SECTION 6. STOCK APPRECIATION RIGHTS.

                  (a) Grant and Exercise. Stock Appreciation Rights may be
         granted in conjunction with all or part of any Stock Option granted
         under the Plan. In the case of a Non-Qualified Stock Option, such
         rights may be granted either at or after the time of the grant of such
         Stock Option. In the case of an Incentive Stock Option, such rights may
         be granted only at the time of the grant of such Stock Option. A Stock
         Appreciation Right or applicable portion thereof granted with respect
         to a given Stock Option shall terminate and no longer be exercisable
         upon the termination or exercise of the related Stock Option, subject
         to such provisions as the Committee may specify at grant where a Stock
         Appreciation Right is granted with respect to less than the full
         number of shares covered by a related Stock Option. A Stock
         Appreciation Right may be exercised by an optionee, subject to Section
         6(b), in accordance with the procedures established by the Committee
         for such purpose. Upon such exercise, the optionee shall be entitled
         to receive an amount determined in the manner prescribed in Section
         6(b). Stock Options relating to exercised Stock Appreciation Rights
         shall no longer be exercisable to the extent that the related Stock
         Appreciation Rights have been exercised.

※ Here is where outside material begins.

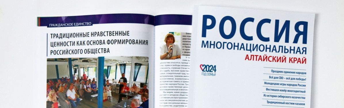 Домом народов Алтайского края подготовлен очередной номер журнала «Россия многонациональная. Алтайский край» за 2024 год. Ежегодный иллюстрированный журнал освещает вопросы реализации государственной национальной политики в Алтайском крае, различные аспекты этнокультурной жизни региона, а также содержит материалы по истории, этнографии и культуре народов, населяющих Алтайский край.

                  (b) Terms and Conditions. Stock Appreciation Rights shall be
         subject to such terms and conditions, not inconsistent with the
         provisions of the Plan, as shall be determined from time to time by the
         Committee, including the following:

                           (i) Stock Appreciation Rights shall be exercisable
                  only at such time or times and to the extent that the Stock
                  Options to which they relate shall be exercisable in
                  accordance with the provisions of Section 5 and this Section 6
                  of the Plan.

                           (ii) Upon the exercise of a Stock Appreciation Right,
                  an optionee shall be entitled to receive an amount in cash
                  and/or shares of Common Stock equal in value to the excess of
                  the Fair Market Value of one share of Common Stock over the
                  option price per share specified in the related Stock Option
                  multiplied by the number of shares in respect of which the
                  Stock Appreciation Right shall have been exercised, with the
                  Committee having the right to determine the form of payment.
                  When payment is to be made in shares, the number of shares to
                  be paid shall be calculated on the basis of the Fair Market
                  Value of the shares on the date of exercise. When payment is
                  to be made in cash, such amount shall be calculated on the
                  basis of the Fair Market Value of the Common Stock on the date
                  of exercise.

                           (iii) Stock Appreciation Rights shall be transferable
                  only when and to the extent that the underlying Stock Option
                  would be transferable under Section 5(e) of the Plan.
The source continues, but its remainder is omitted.